Work to be completed: Leave out the pictures and retype exactly the lines from the line with "Nádherná lístková brošňa" through the end of the listing below.

Records supplied:
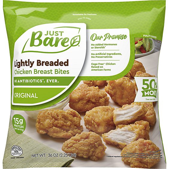 Just Bare Lightly Breaded Chicken Breast Bites 36 Oz - 36 Oz
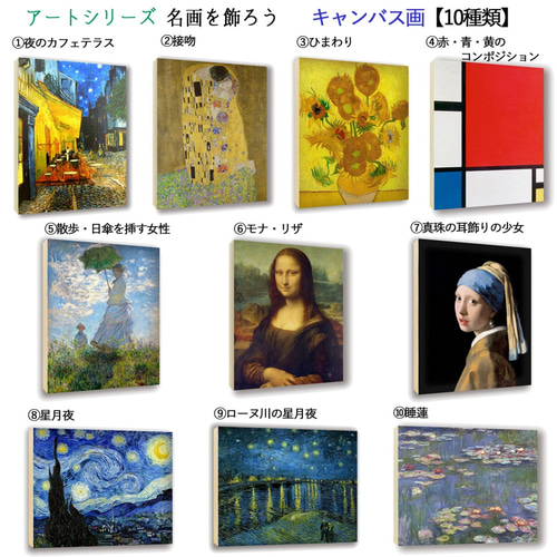 | 商品の特徴 | アートプリント 【世界の名画】 キャンバス画 アートポスター 複製画。美術アートパネル 絵画インテリア 絵画プリント キャンバスプリント。美術アートパネル絵画インテリア絵画プリント キャンバスプリント。サイズ:40x60(cm) 厚み:約1cm 材質:木製パネル付3種セット★検品のため開封してある場合があります。美術アートパネル 絵画インテリア 絵画プリント キャンバスプリント。 | ||
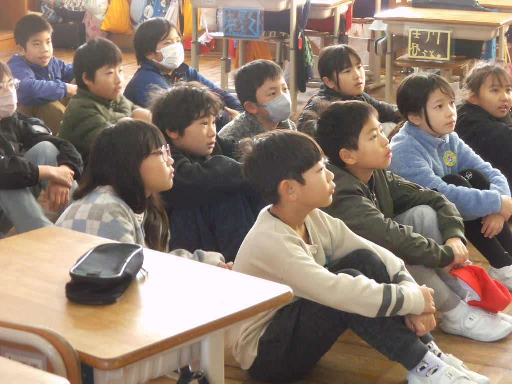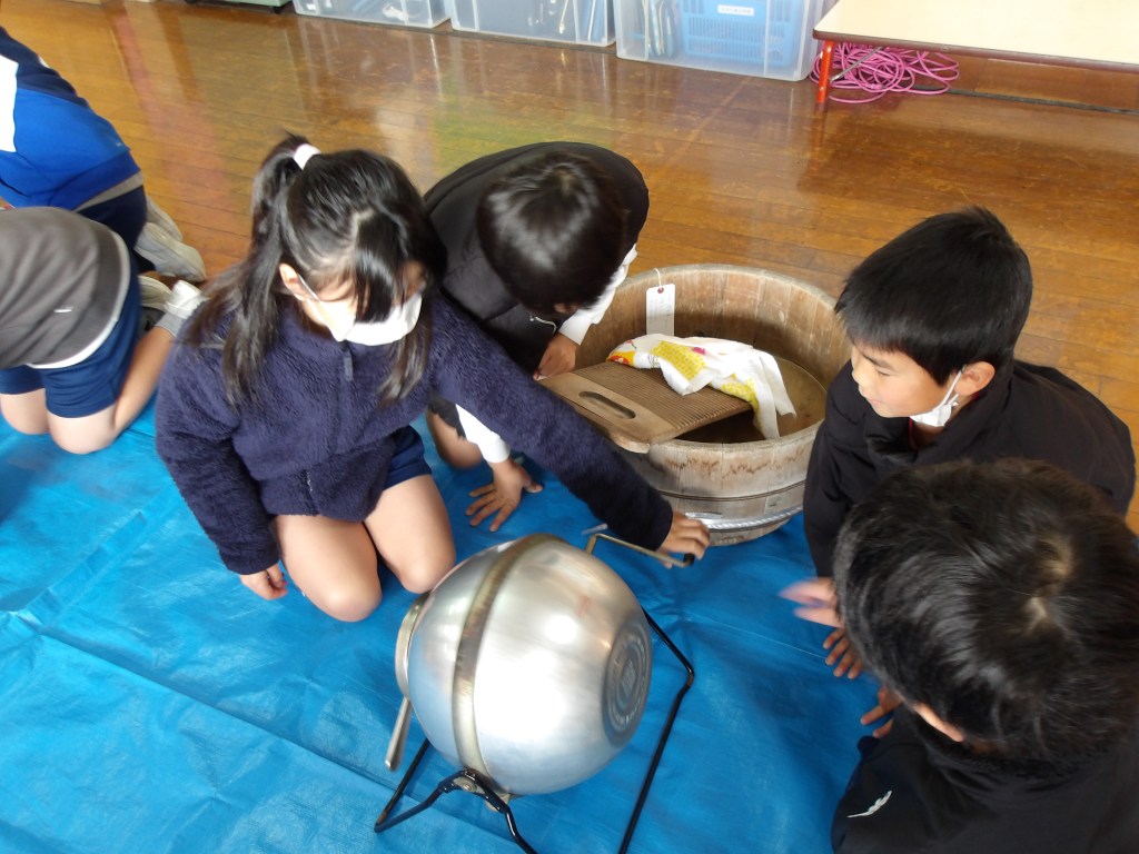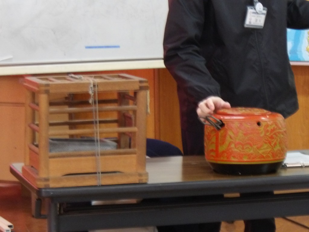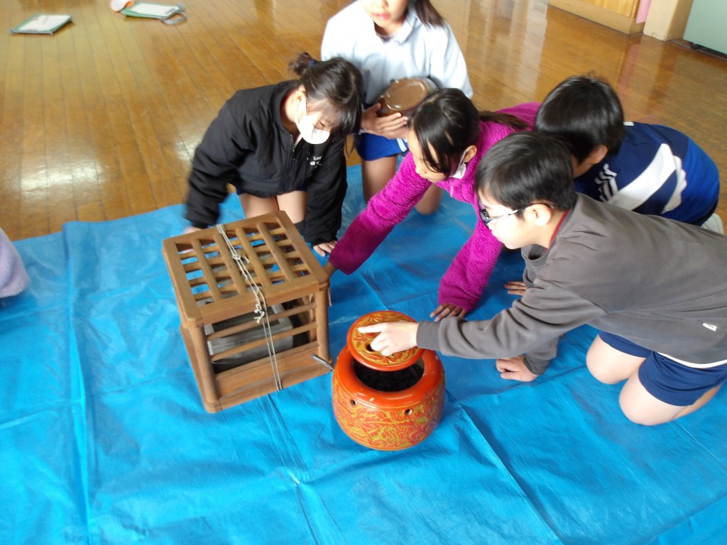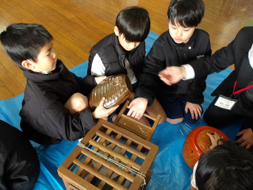 社会科の学習で今と昔の道具の違いを学習しています。焼津市にある歴史民俗博物館の職員の方々を講師にお招きをし、実際の物を見たり、触ったりしながら、今の道具とどう違うのかを体験しました。なんとなく見たことがあるもの、全く知らなかったもの、たくさんの道具を目の前にして、子供たちは興味津々でした。道具を触りながら、今の道具の便利さにも感謝をしているようでした。
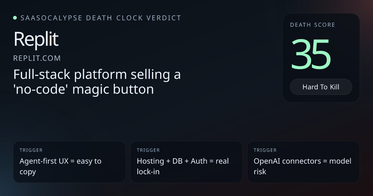 Compared to Cursor (developer_workbench, deathScore 47) Replit shows stronger platform signals (managed hosting, DB, auth) that create real data gravity and workflow lock‑in.Multiple enterprise trust signals (SSO/SAML, SOC 2, RBAC, SCIM, private deployments, single‑tenant options) increase procurement friction for would‑be replacers.Built-in infrastructure (serverless SQL DB, hosting, secrets, monitoring, production/dev separation) raises migration cost beyond a thin model wrapper.
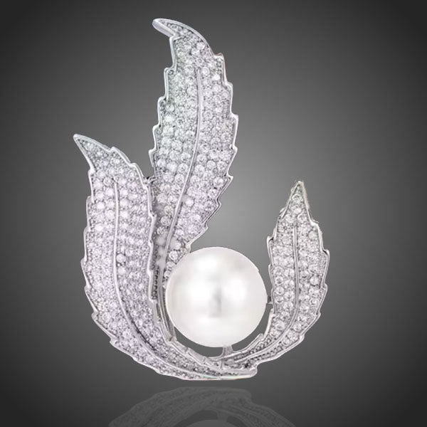 Nádherná lístková brošňa v stiebornom šate so stovkami žiariacich drobných zirkónov doplnená bielou krištáľovou perlou. Zachováva si dlhotrvajúci lesk a jas. Antialergické.
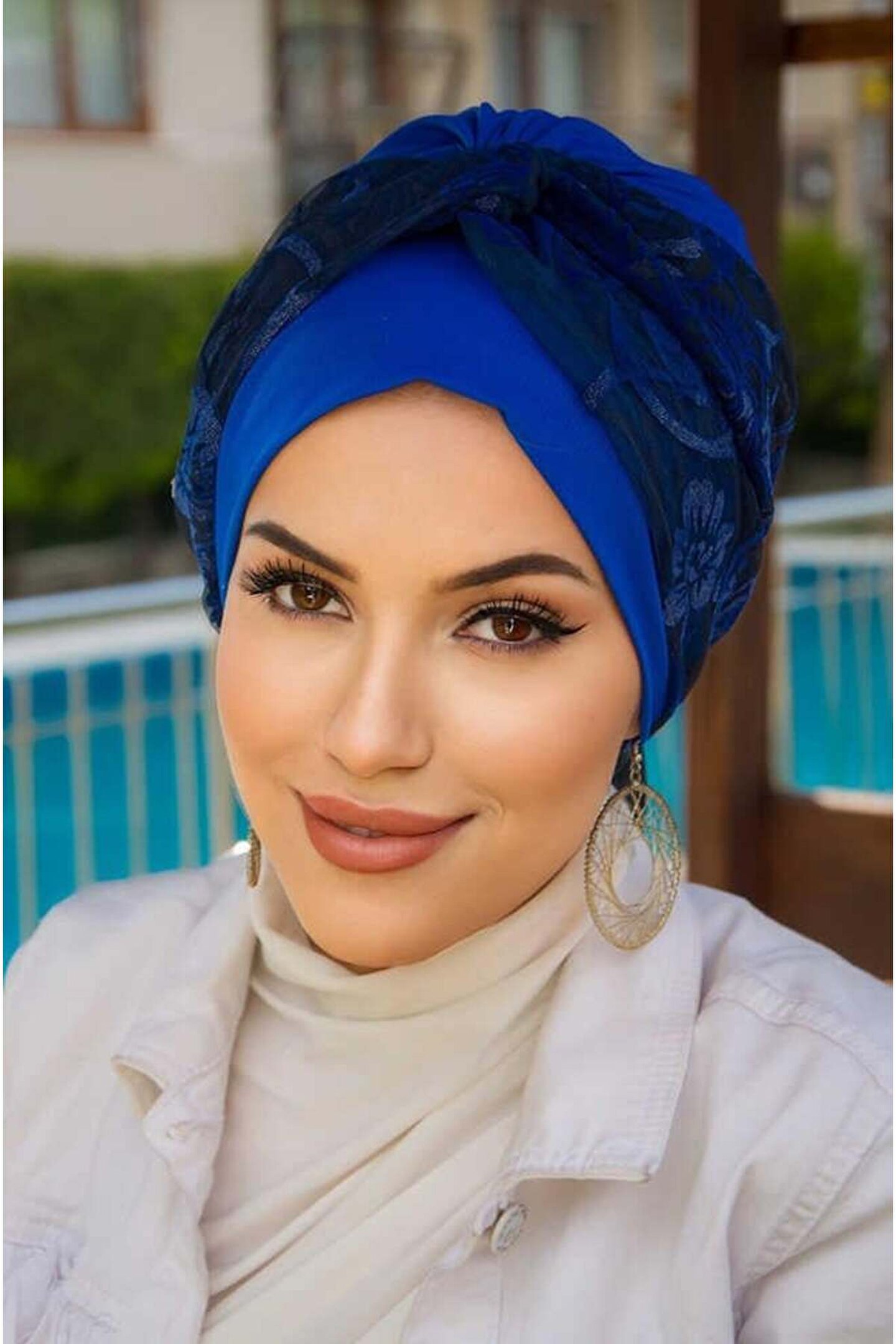 Aişe tesettür Saks Mavi Çiçek Desen Burgu Bantlı Bone
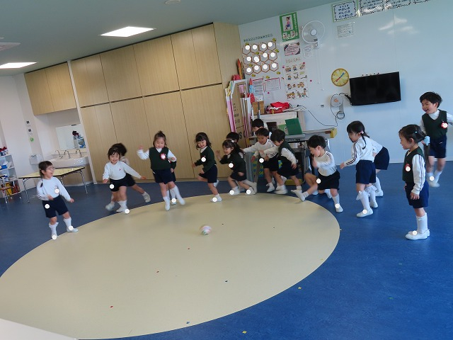 ばら組では、最近流行っているゲーム、ころがしドッヂボールをしました。だんだんとボールをよく見るようになり、最後まで残る子供も増えてきました。繰り返しした後、「まだやりたい!」という声が聞かれるほど大好きなゲームになりました!

Exercise solution:
 Nádherná lístková brošňa v stiebornom šate so stovkami žiariacich drobných zirkónov doplnená bielou krištáľovou perlou. Zachováva si dlhotrvajúci lesk a jas. Antialergické.
 Aişe tesettür Saks Mavi Çiçek Desen Burgu Bantlı Bone
 ばら組では、最近流行っているゲーム、ころがしドッヂボールをしました。だんだんとボールをよく見るようになり、最後まで残る子供も増えてきました。繰り返しした後、「まだやりたい!」という声が聞かれるほど大好きなゲームになりました!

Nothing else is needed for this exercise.